Many others are waiting for international funds to start flowing. The Syrian Red Crescent sent a team to Jobar in late January to assess the danger of mines and unexploded ordnance, an early step in a long journey toward recovery. The new Damascus governor has promised to help rebuild Jobar but urged residents to be patient.
During the civil war, fighters holed up in Jobar for years, including some from the Nusra Front, which broke ties with al Qaeda, renamed itself Hayat Tahrir al-Sham and now controls Damascus. The rebels built tunnels under the residential area as regime forces imposed a devastating siege and attacked relentlessly.
The surrender deal saw the rebel holdouts, along with women and children, bused to the northwestern Idlib province. Rebels there led by HTS set up a provisional government and launched a lightning advance on key Syrian cities late last year, toppling a half-century of rule by the Assad family in just 11 days.
Among the HTS fighters who participated in the year-end operation was Jobar resident Mohammed Shaker Abu Nour, who fought the regime for years and then evacuated to Idlib with his wife and son in 2018.
“It was very hard, as if my soul was leaving my body," he said of the evacuation during a recent visit. When the rebels conquered Damascus, he came straight back to his old neighborhood.
“When I returned to my city, it was as if I was brought back to life," he said.
Weeks after the rebels seized Damascus, Abu Nour took his wife and now three children to the Jobar cemetery to pay respects to his brother and two brothers-in-law, all killed years ago during the fighting. The cemetery had been so battered that he needed help locating their gravesites.
Ajouz and his uncle last worked digging graves in Jobar’s cemetery back before 2018, by which point it had been emptied out by years of intense fighting and plundered by thieves.
During the fighting, burials only happened under the cover of darkness. Bodies were washed in a secret underground hall, then delivered to the cemetery by men who coordinated movements via walkie-talkies, Ajouz said.
He used to work as a tailor but volunteered for cemetery duties during the war, looking for a way to support the revolution without taking up arms.
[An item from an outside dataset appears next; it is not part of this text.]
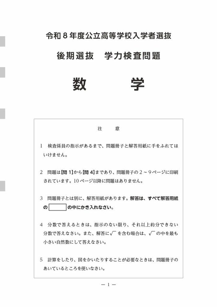 県教委が発表した数学の「各問のねらい」は次の通り。

He said he was interrogated twice by military intelligence about burying the bodies of rebel fighters and suffered a gunshot wound in 2014.
To avoid army snipers and airstrikes, Ajouz gave himself just five minutes to conduct burials, gathering a few men who would say a short prayer together. One time they were bombed in the process, he said, injuring his brother and killing his father’s cousin.